Mono‐glucosylation of (H/K/N)Ras by Clostridium sordellii lethal toxin (TcsL) blocks critical survival signaling pathways, resulting in apoptosis. In this study, TcsL and K‐Ras knock‐down by siRNA are presented to result in expression of the cell death‐regulating small GTPase RhoB. TcsL‐induced RhoB expression is based on transcriptional activation involving p38alpha MAP kinase. Newly synthesized RhoB protein is rapidly degraded in a proteasome‐ and a caspase‐dependent manner, providing first evidence for caspase‐dependent degradation of a Rho family protein.

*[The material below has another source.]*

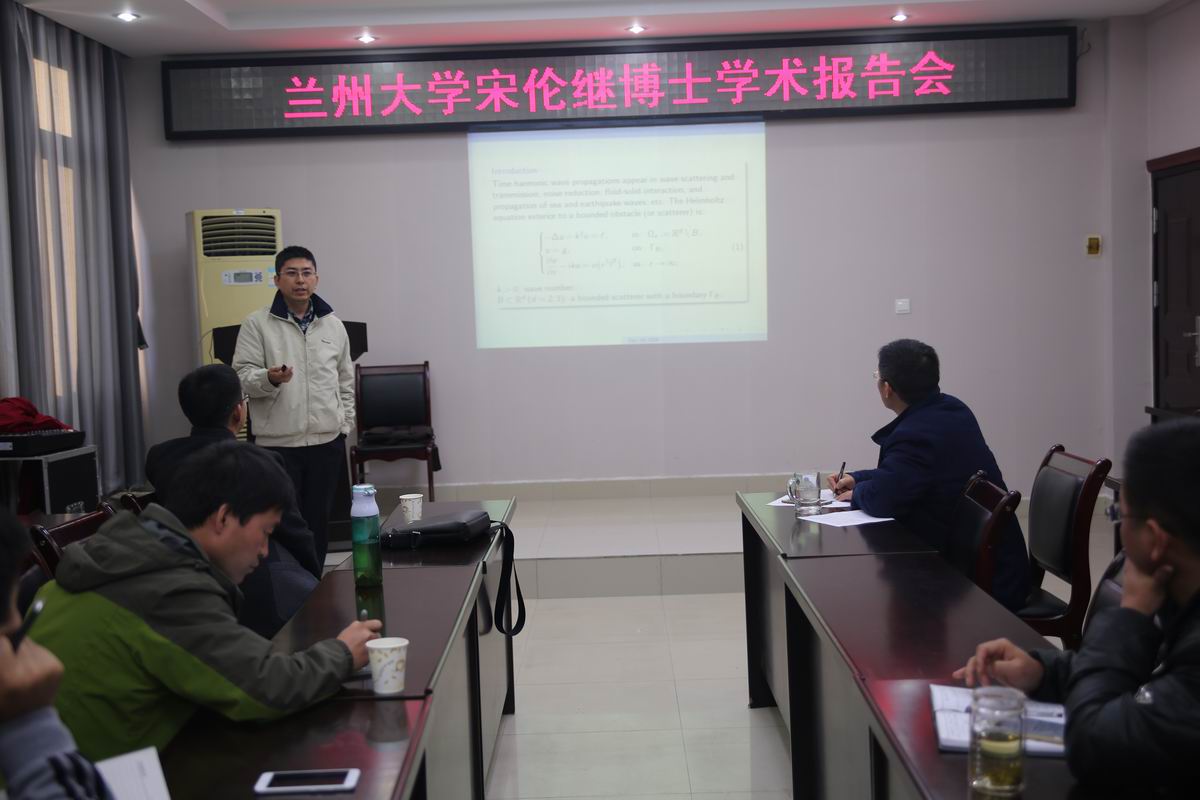 宋伦继博士首先介绍了无界区域均匀介质中单个障碍物对波的高频散射问题所具有的重要的数学、物理及工程意义。宋博士在报告分析了二维时谐Helmholtz方程中散射计算问题, 对圆周人工边界DtN(Dirichlet to Neumann)精确条件, 构建了一种易实现的DtN 局部迭代逼近方式, 并基于Hankel特殊函数的性质和渐近估计, 分析了迭代问题的收敛性条件;其次, 采用多区域高精度内罚间断 Galerkin 方法逼近迭代问题, 在剖分区域采用谱方法, 并给出了相应的谱元先验误差估计; 最后结合数值试验对理论结果进行验证。 另外, 宋博士给出了高阶内罚间断Galerkin方法在不可压缩流体, 如高雷诺数方腔流、圆柱绕流中的数值计算实例和应用。

Although often characterised as a pro‐apoptotic protein, RhoB suppresses caspase‐3 activation in TcsL‐treated fibroblasts. The finding on the cytoprotective activity of RhoB in TcsL‐treated cells re‐enforces the concept that RhoB exhibits cytoprotective rather than pro‐apoptotic activity in a cellular background of inactive Ras.

Expression and cytoprotective activity of the small GTPase RhoB induced by the Escherichia coli cytotoxic necrotizing factor 1.

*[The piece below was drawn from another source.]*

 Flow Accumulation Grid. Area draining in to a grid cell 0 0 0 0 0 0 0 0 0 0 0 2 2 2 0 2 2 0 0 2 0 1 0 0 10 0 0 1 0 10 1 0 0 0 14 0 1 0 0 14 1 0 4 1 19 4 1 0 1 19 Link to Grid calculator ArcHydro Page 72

RhoB is the only member of the Rho subfamily of small GTPases, which is classified as an immediate early gene product. RhoB is up-regulated in response to growth factors as well as cytotoxic and genotoxic agents. Clostridial glucosylating toxins have been reported to evoke pronounced RhoB expression, based on the inactivation of Rho/Ras proteins. In this study, we report on a long lasting expression of RhoB in cultured cells upon activation of Rho proteins by the cytotoxic necrotizing factor 1 (CNF1) from Escherichia coli. The observations of this study highlight a new pathway involving Rac1, which positively regulates the activity of the rhoB promoter and RhoB expression. Conversely, the isomeric cytotoxic necrotizing factor from Yersinia pseudotuberculosis (CNFy) drives GTP-loading of basal RhoB but fails to cause activation of the rhoB promoter and thus its expression. CNF1 inhibits cytokinesis and induces the formation of bi-nucleated (tetraploid) cells. Upon long term treatment with CNF1, RhoB(-/-) mouse embryonic fibroblasts (MEFs) exhibit DNA fragmentation, phosphatidylserine exposure, and loss of membrane integrity, while RhoB(+/-) MEFs persist as bi-nucleated (tetraploid) cells without any signs of cell death. In conclusion, the cytoprotective RhoB response is not only evoked by bacterial protein toxins inactivating Rho/Ras proteins but also by the Rac1-activating toxin CNF1.